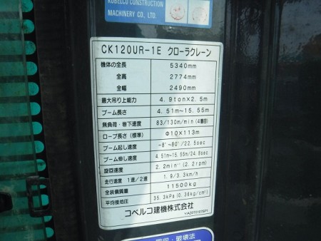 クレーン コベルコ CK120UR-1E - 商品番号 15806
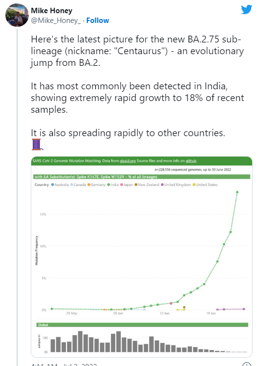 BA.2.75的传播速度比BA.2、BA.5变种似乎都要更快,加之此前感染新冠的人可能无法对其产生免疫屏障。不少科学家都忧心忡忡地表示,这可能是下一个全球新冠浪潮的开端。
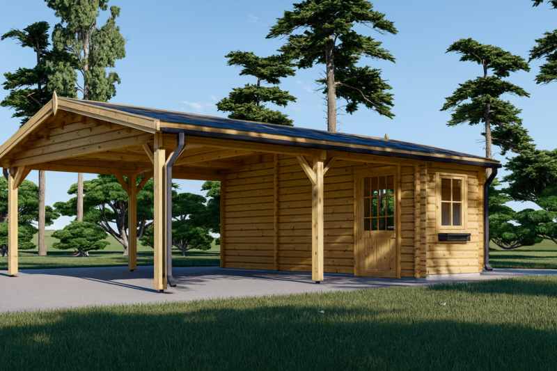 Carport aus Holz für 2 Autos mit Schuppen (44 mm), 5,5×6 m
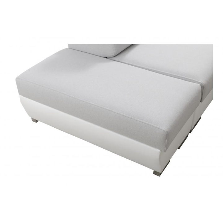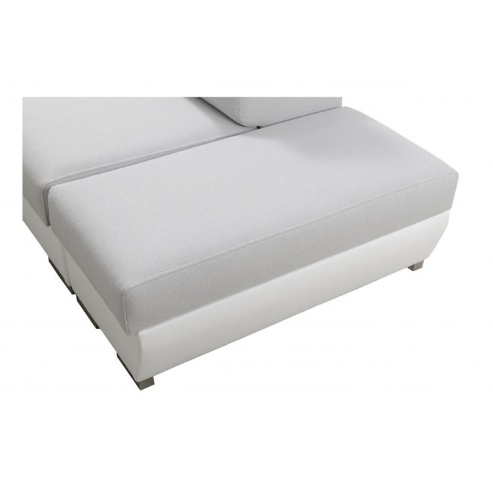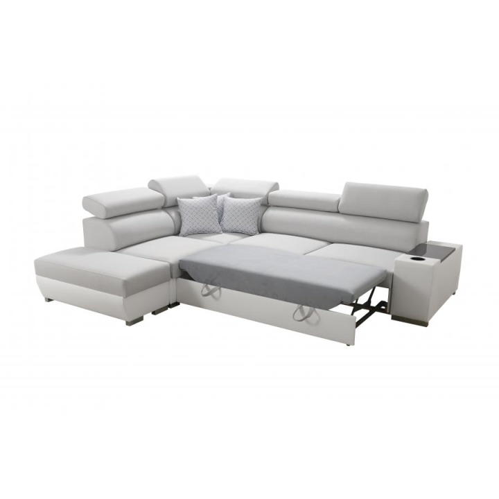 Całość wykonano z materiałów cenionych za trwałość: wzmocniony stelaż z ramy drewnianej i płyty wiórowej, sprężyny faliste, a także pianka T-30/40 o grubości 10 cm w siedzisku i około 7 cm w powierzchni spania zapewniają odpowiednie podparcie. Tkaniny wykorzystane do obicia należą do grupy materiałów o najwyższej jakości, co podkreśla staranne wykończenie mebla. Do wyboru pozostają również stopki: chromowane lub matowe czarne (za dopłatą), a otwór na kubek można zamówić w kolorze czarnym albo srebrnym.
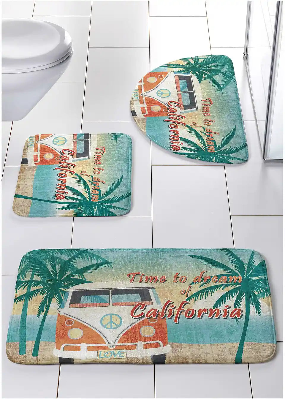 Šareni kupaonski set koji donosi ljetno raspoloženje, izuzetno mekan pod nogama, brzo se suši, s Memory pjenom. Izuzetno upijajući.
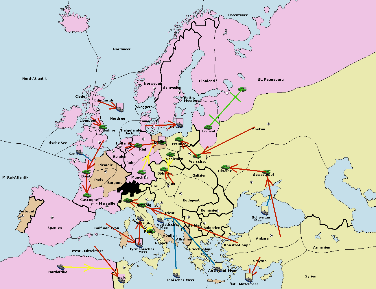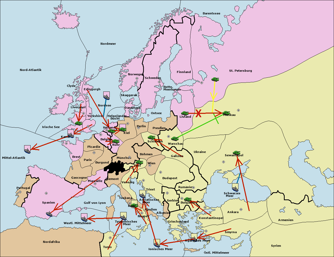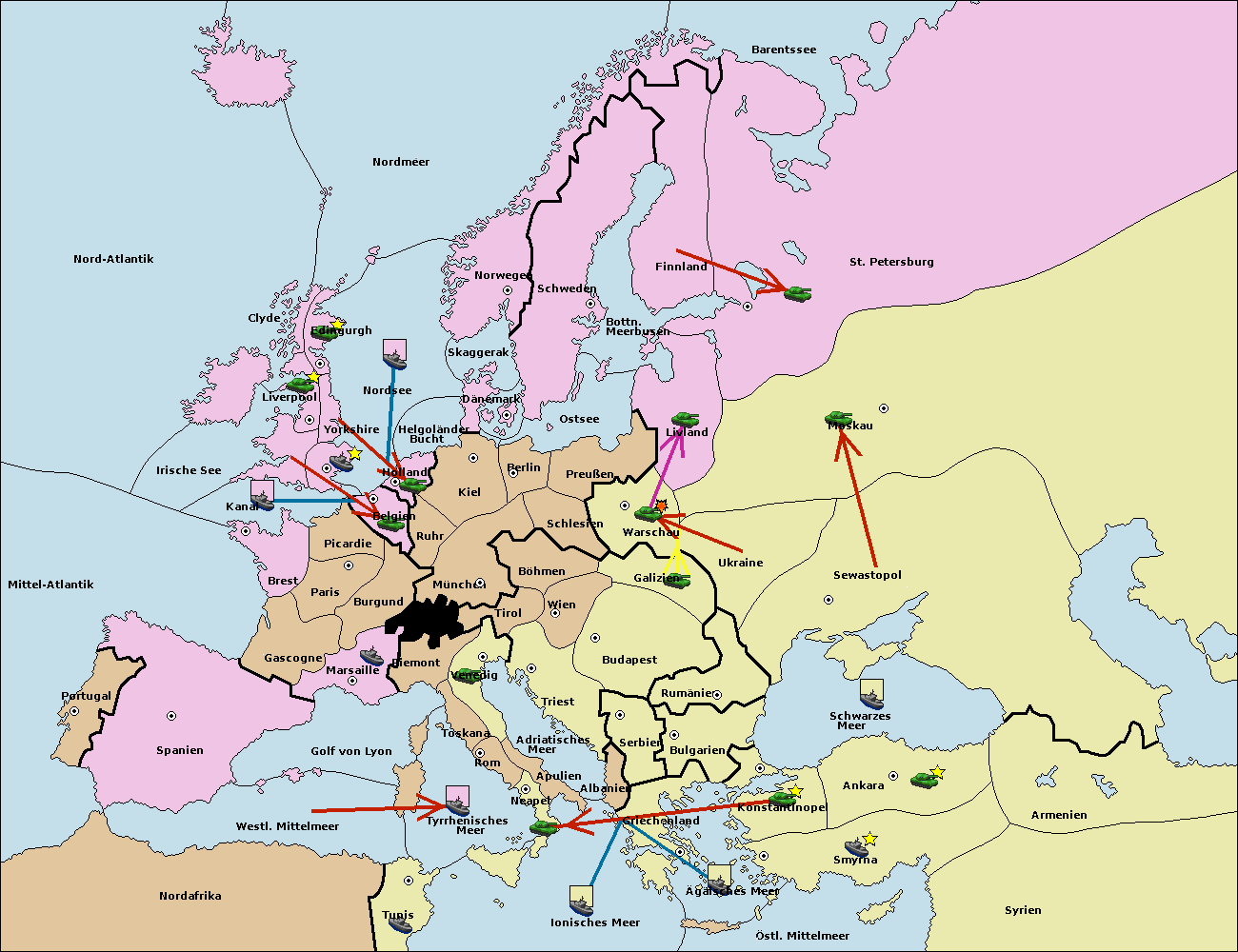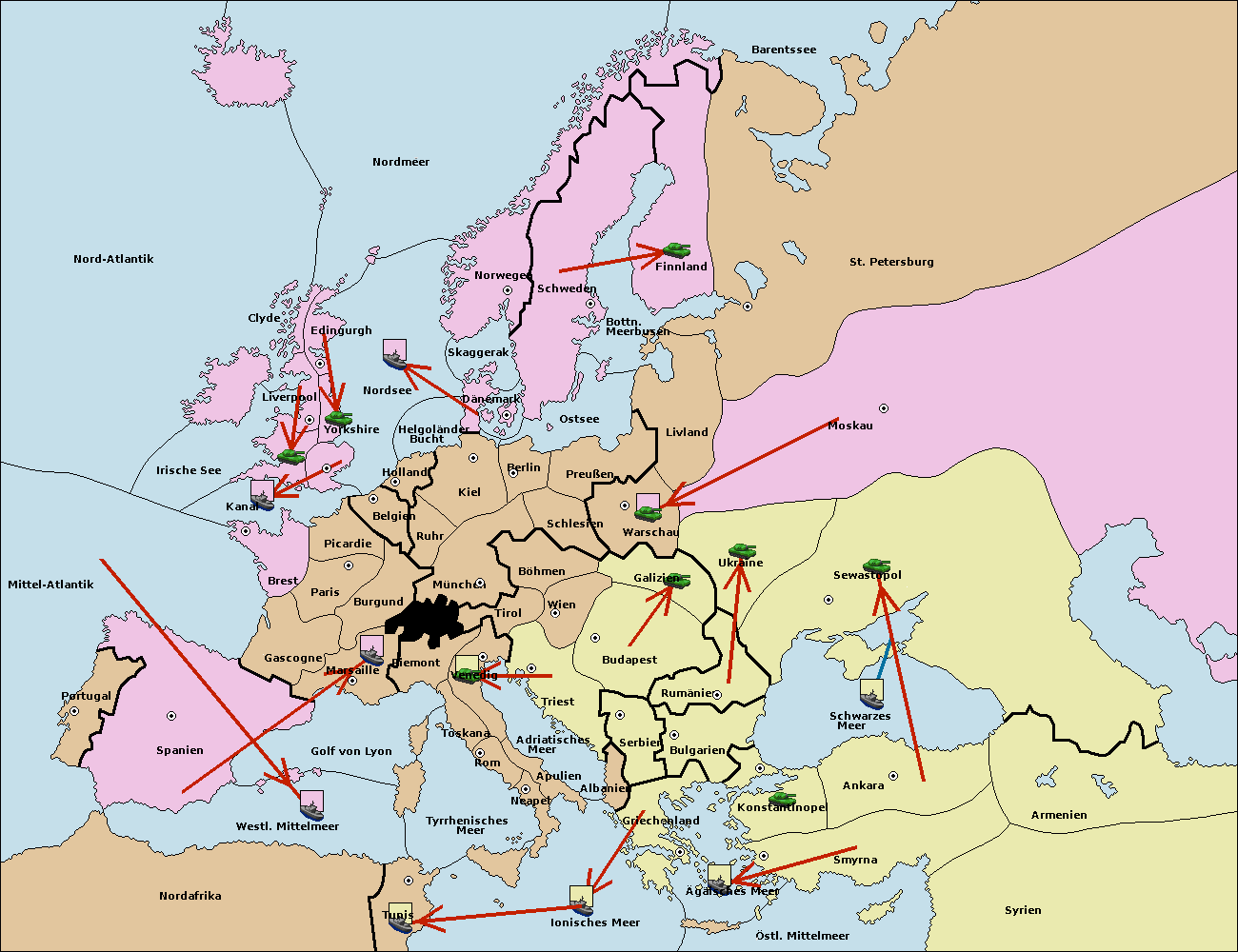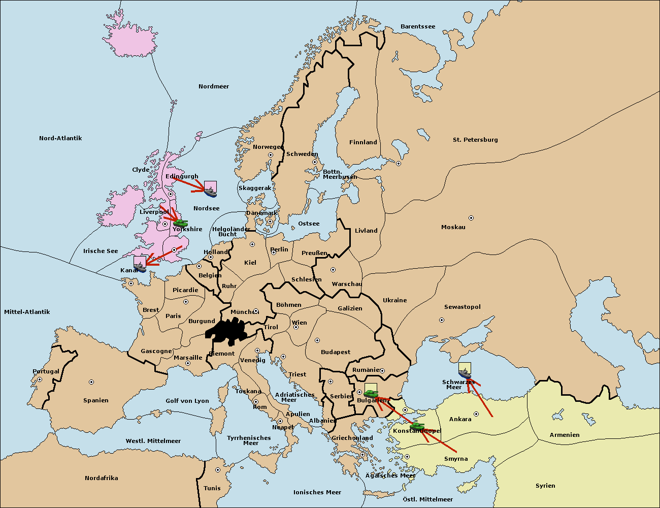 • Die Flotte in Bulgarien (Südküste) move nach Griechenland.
------------------------
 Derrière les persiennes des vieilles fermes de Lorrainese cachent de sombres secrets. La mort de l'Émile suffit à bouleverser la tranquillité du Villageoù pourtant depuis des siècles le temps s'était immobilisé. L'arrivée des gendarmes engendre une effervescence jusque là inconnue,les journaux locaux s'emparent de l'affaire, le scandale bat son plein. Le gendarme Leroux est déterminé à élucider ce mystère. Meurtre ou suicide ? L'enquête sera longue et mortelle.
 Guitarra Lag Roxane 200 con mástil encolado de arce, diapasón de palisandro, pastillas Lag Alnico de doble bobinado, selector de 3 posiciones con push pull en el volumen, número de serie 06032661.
------------------------
» Exercise
Your answer is the exact run of lines above from the one with "Całość wykonano z" through the one with "move nach Griechenland.", both ends included, minus any picture.

» Problem solution
 Całość wykonano z materiałów cenionych za trwałość: wzmocniony stelaż z ramy drewnianej i płyty wiórowej, sprężyny faliste, a także pianka T-30/40 o grubości 10 cm w siedzisku i około 7 cm w powierzchni spania zapewniają odpowiednie podparcie. Tkaniny wykorzystane do obicia należą do grupy materiałów o najwyższej jakości, co podkreśla staranne wykończenie mebla. Do wyboru pozostają również stopki: chromowane lub matowe czarne (za dopłatą), a otwór na kubek można zamówić w kolorze czarnym albo srebrnym.
 Šareni kupaonski set koji donosi ljetno raspoloženje, izuzetno mekan pod nogama, brzo se suši, s Memory pjenom. Izuzetno upijajući.
 • Die Flotte in Bulgarien (Südküste) move nach Griechenland.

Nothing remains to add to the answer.